- _Exercise details_
Copying starts at the line containing "Jizhao Violent Bear" and stops after the last line of the records; each line is repeated exactly, and pictures are skipped.

'''

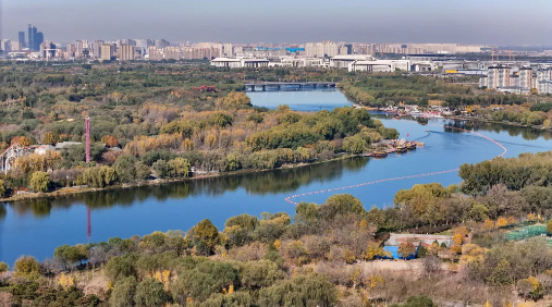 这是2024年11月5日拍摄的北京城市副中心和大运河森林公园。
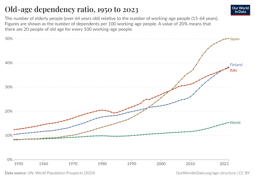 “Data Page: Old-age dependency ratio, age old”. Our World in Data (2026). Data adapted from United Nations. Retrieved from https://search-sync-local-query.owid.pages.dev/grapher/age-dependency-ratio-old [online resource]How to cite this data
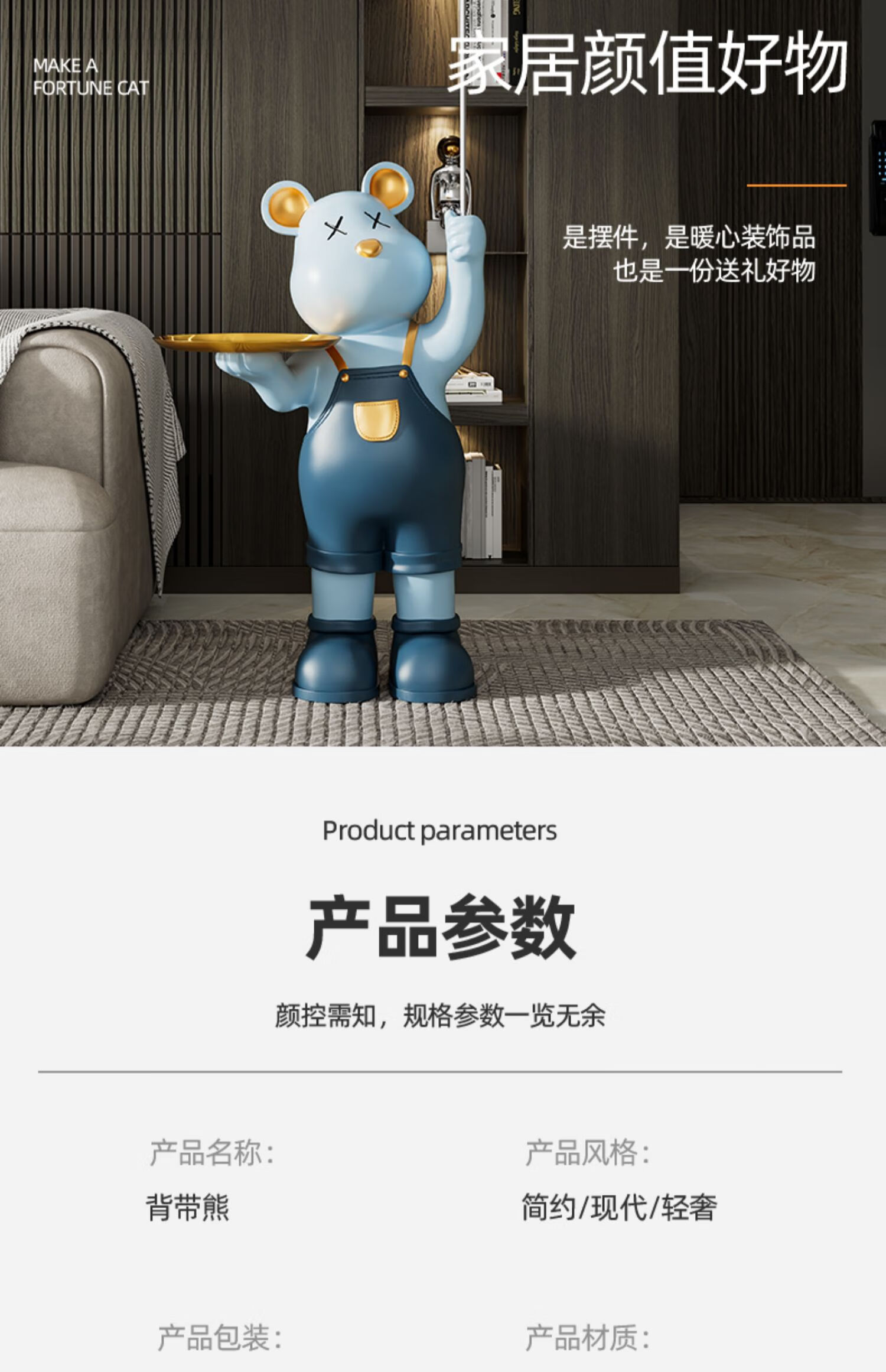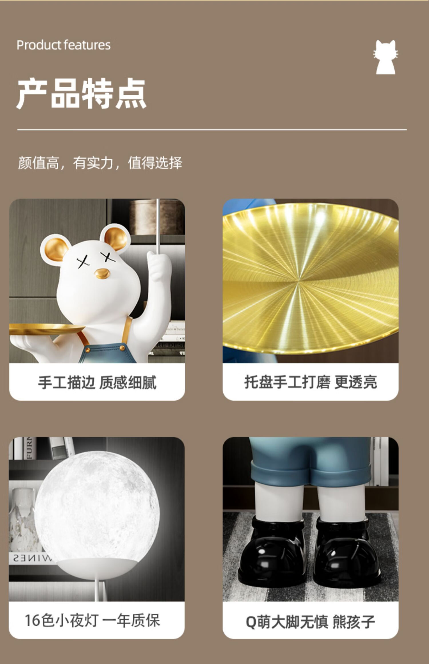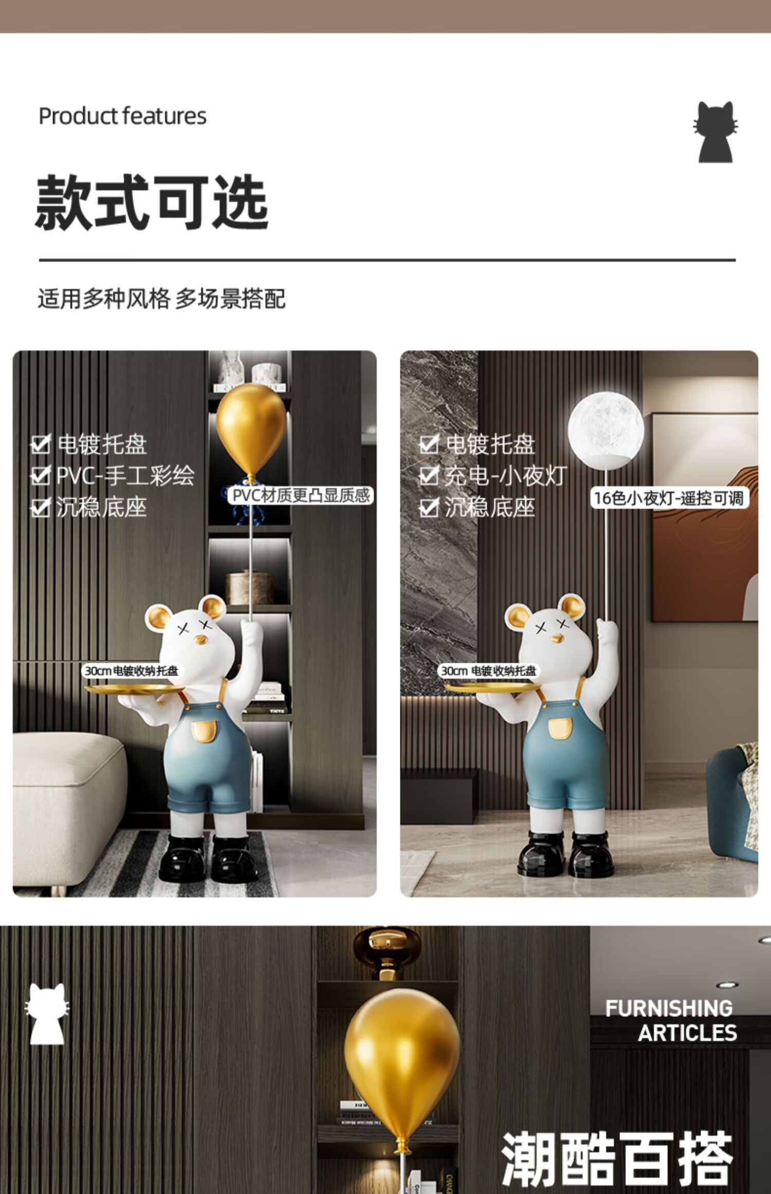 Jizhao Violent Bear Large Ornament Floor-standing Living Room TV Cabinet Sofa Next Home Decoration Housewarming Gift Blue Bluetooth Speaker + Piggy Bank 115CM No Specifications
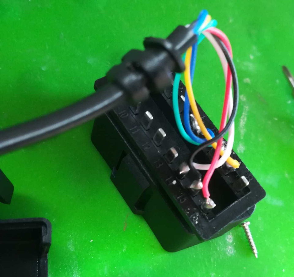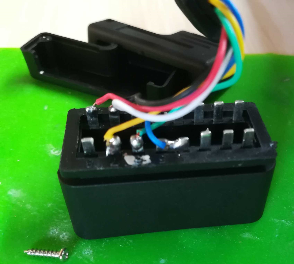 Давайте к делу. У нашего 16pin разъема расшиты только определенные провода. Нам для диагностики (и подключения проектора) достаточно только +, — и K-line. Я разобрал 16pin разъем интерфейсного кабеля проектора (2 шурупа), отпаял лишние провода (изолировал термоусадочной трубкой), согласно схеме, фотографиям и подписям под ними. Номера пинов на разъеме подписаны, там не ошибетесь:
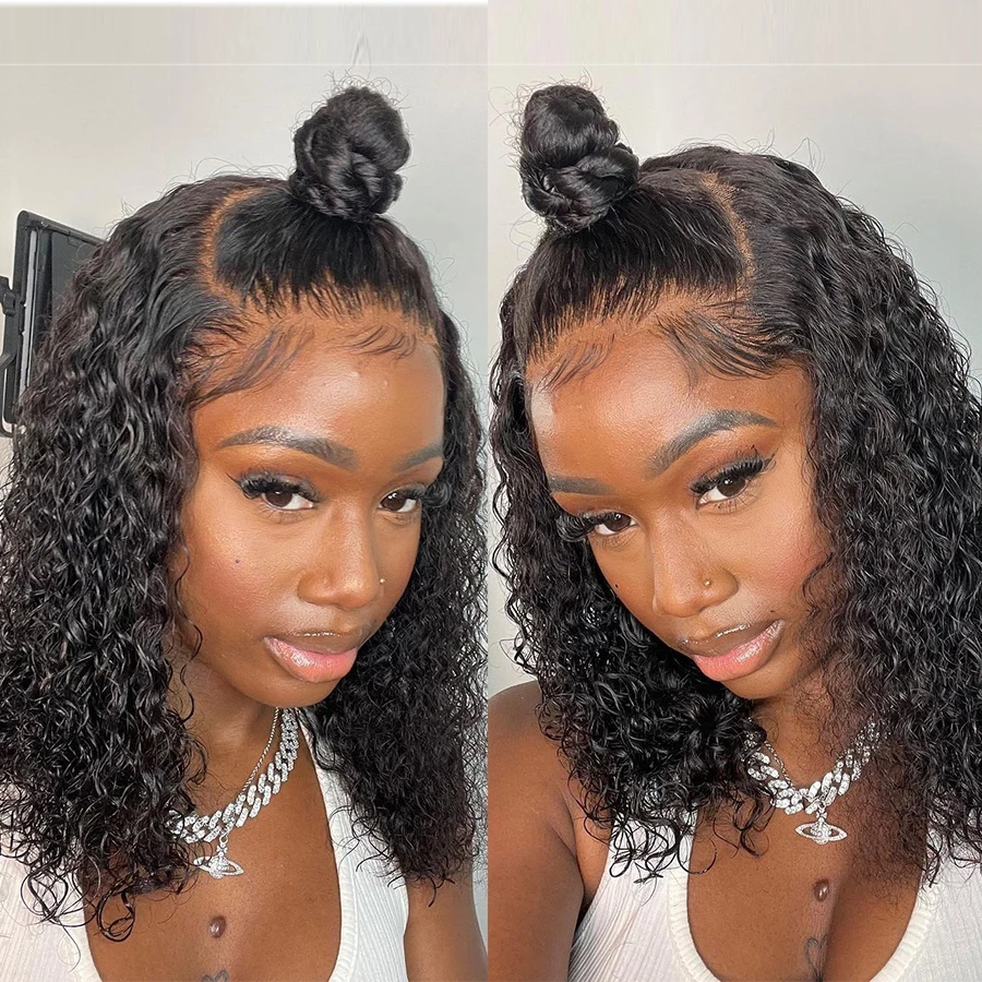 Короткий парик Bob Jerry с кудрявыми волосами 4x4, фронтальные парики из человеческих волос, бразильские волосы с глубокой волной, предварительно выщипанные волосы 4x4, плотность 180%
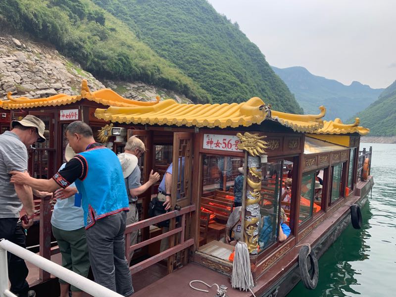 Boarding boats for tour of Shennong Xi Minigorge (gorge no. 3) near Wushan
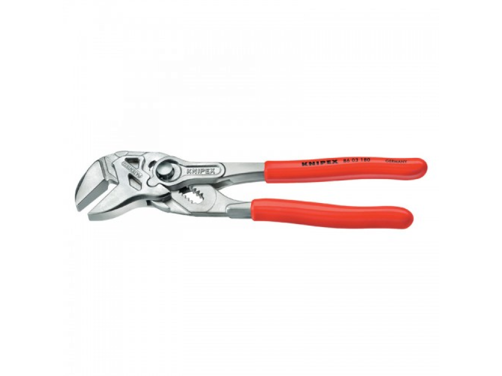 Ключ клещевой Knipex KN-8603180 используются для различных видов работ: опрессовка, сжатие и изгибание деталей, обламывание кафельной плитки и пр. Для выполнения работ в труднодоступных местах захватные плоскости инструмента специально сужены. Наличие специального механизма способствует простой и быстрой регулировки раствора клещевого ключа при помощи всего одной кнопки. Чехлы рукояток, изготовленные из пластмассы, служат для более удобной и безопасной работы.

'''

- _Task response_
 Jizhao Violent Bear Large Ornament Floor-standing Living Room TV Cabinet Sofa Next Home Decoration Housewarming Gift Blue Bluetooth Speaker + Piggy Bank 115CM No Specifications
 Давайте к делу. У нашего 16pin разъема расшиты только определенные провода. Нам для диагностики (и подключения проектора) достаточно только +, — и K-line. Я разобрал 16pin разъем интерфейсного кабеля проектора (2 шурупа), отпаял лишние провода (изолировал термоусадочной трубкой), согласно схеме, фотографиям и подписям под ними. Номера пинов на разъеме подписаны, там не ошибетесь:
 Короткий парик Bob Jerry с кудрявыми волосами 4x4, фронтальные парики из человеческих волос, бразильские волосы с глубокой волной, предварительно выщипанные волосы 4x4, плотность 180%
 Boarding boats for tour of Shennong Xi Minigorge (gorge no. 3) near Wushan
 Ключ клещевой Knipex KN-8603180 используются для различных видов работ: опрессовка, сжатие и изгибание деталей, обламывание кафельной плитки и пр. Для выполнения работ в труднодоступных местах захватные плоскости инструмента специально сужены. Наличие специального механизма способствует простой и быстрой регулировки раствора клещевого ключа при помощи всего одной кнопки. Чехлы рукояток, изготовленные из пластмассы, служат для более удобной и безопасной работы.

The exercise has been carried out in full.